Il numero che Microsoft ha effettivamente citato
La motivazione dichiarata da Microsoft non era astratta. L'azienda ha indicato campagne di phishing potenziate dall'IA che raggiungono tassi di click-through fino al 54%, contro circa il 12% delle tradizionali campagne di phishing. I fattori di autenticazione phishabili — un codice che puoi essere indotto a leggere ad alta voce o inoltrare, un SMS che puoi essere manipolato a girare a qualcun altro — sono ciò che gli attaccanti oggi battono con un tasso di successo quasi 5 volte superiore a prima. L'SMS OTP rientra esattamente in questa categoria: niente in un messaggio di testo impedisce a una pagina di login falsa abbastanza convincente di chiederti semplicemente di incollarci il codice.
Le Passkeys non sono più una scommessa di nicchia
L'infrastruttura per sostenere una data di ritiro come questa esiste già su scala reale. I numeri 2026 della FIDO Alliance, tratti da una ricerca su 11.000 consumatori e 1.400 decision-maker aziendali in dieci Paesi:
- 5 miliardi di Passkeys attualmente attive nel mondo
- 90% di consapevolezza dei consumatori riguardo alle Passkeys
- 75% dei consumatori ha attivato una Passkey su almeno un account
- 68% delle organizzazioni ha implementato o sta attivamente implementando le Passkeys per l'accesso dei dipendenti
- 33% dei consumatori riferisce di aver subito una compromissione dell'account o una notifica di violazione nell'ultimo anno — il disagio di fondo che guida l'adozione
Non è più territorio da early adopter. È il percorso predefinito per una quota significativa dei flussi di login su internet, e la mossa di Microsoft lo rende il percorso obbligatorio per una grossa fetta dell'identità enterprise.

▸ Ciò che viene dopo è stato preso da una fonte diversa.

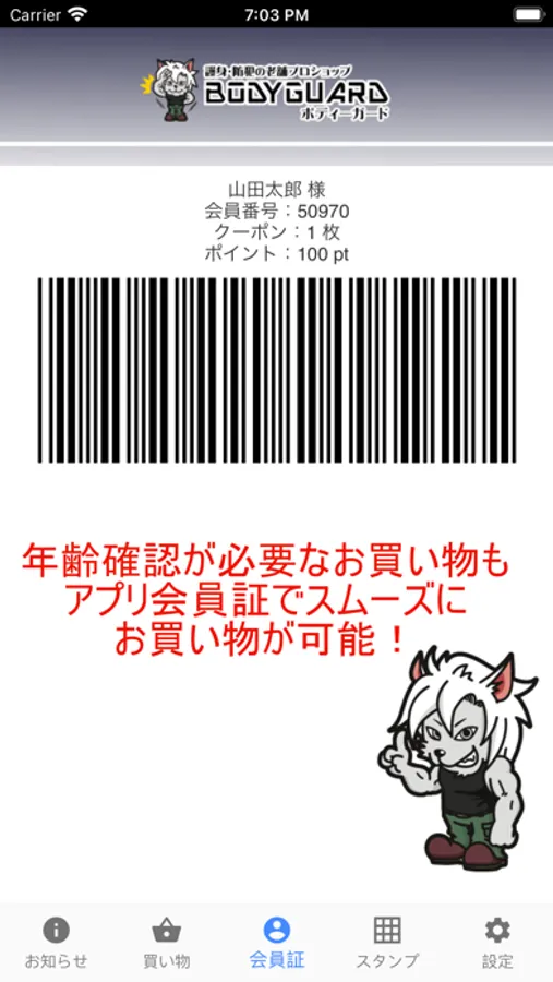 護身用品等の身分証の必要な商品の購入もアプリ会員なら初回だけの確認となります。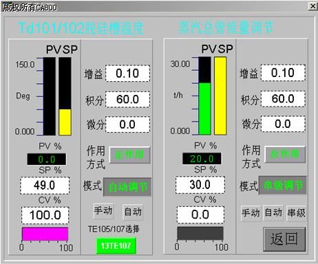 圖9中,以Td101/Td102脫硅槽內(nèi)礦漿溫度為主調(diào)節(jié)回路,以進(jìn)入Td101/Td102脫硅槽脫硅蒸汽流量為副調(diào)節(jié)回路,構(gòu)成串級(jí)調(diào)節(jié)回路,通過(guò)調(diào)節(jié)13FCV104調(diào)節(jié)閥,控制進(jìn)入Td101/Td102脫硅槽脫硅蒸汽流量。其中“13TE105/107選擇”按鈕是主回路的溫度測(cè)量值,用來(lái)選擇Td101脫硅槽漿液溫度13TE105或選擇Td102脫硅槽漿液溫度13TE107。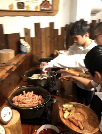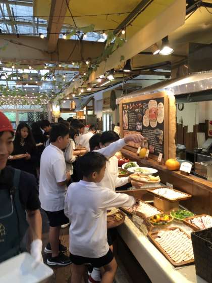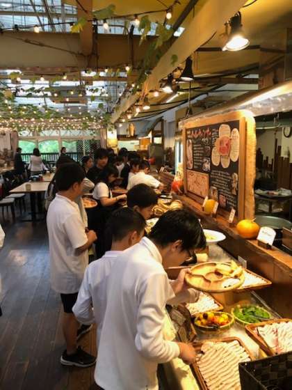 どの料理を食べようか友だちと楽しそうに話しながら盛り付けています。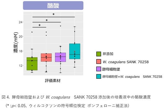 統計検定の結果、酵母細胞壁と同時にW. coagulans SANK 70258を添加すると、酪酸産生を強力に誘導することが明らかとなりました。(図4)。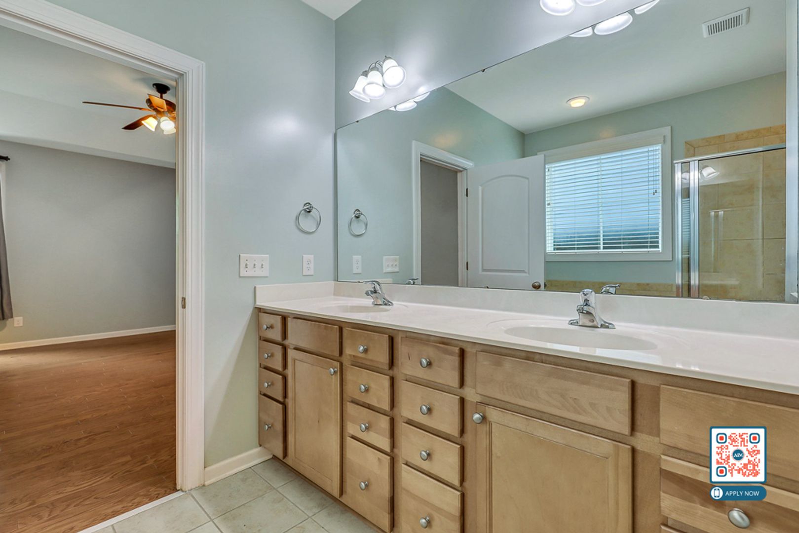 The main-floor primary suite features dual vanities, a walk-in shower, and a large soaking tub—ideal for unwinding after a long day. Hardwood floors provide warmth and elegance throughout the main level, and the attached two-car garage adds everyday practicality.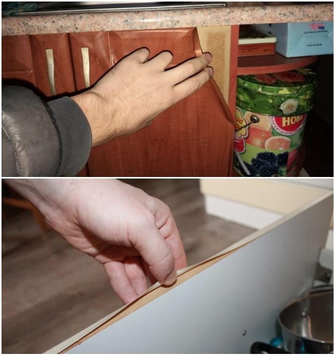 Важно! Хуже всего на высокие температуры реагирует пленочное покрытие, поэтому если решитесь на покупку мебели именно с ним, то обращайте внимание на то, как обработан торец. Если полотно пленки завернуто и надежно фиксируются другими элементами, то этот гарнитур прослужит долго, если он приклеивался в виде кромки или просто подвернут, то мебель очень быстро потеряет привлекательность.

I dati sulle frodi a sostegno del "perché"
I ricercatori di sicurezza dicono da tempo che l'SMS OTP è l'anello debole — il Verizon Data Breach Investigations Report sconsiglia esplicitamente le password monouso via SMS come fattore MFA, citando l'esposizione al SIM swap. I dati sulle frodi lo confermano, in modo disomogeneo ma chiaro:
- Il report Cifas Fraudscape del Regno Unito ha registrato SIM swap non autorizzati passare da 289 a quasi 3.000 in un solo anno — un aumento del 1.055%.
- L'Australia ha registrato un aumento anno su anno del 240% di persone che chiedono aiuto per frodi da SIM swap e phone-porting (IDCARE).
- I dati dell'FBI IC3 (USA) mostrano un calo del numero di reclami per SIM swap — da 2.026 nel 2022 a 982 nel 2024 — ma i ricercatori avvertono che questo probabilmente riflette il fatto che le vittime segnalano la frode a valle (conti prosciugati, criptovalute rubate) sotto altre categorie, piuttosto che un calo reale degli attacchi, tanto più che gli operatori aggiungono attrito che sposta le tattiche invece di eliminarle.
- L'intercettazione a livello di protocollo SS7 — la falla di rete che permette a un attaccante di reindirizzare o leggere messaggi SMS senza toccare il telefono della vittima — è ancora un vettore di attacco attivo; Metro Bank nel Regno Unito e diverse banche tedesche hanno subito l'intercettazione di codici 2FA in questo modo, e le segnalazioni di sfruttamento attivo continuano.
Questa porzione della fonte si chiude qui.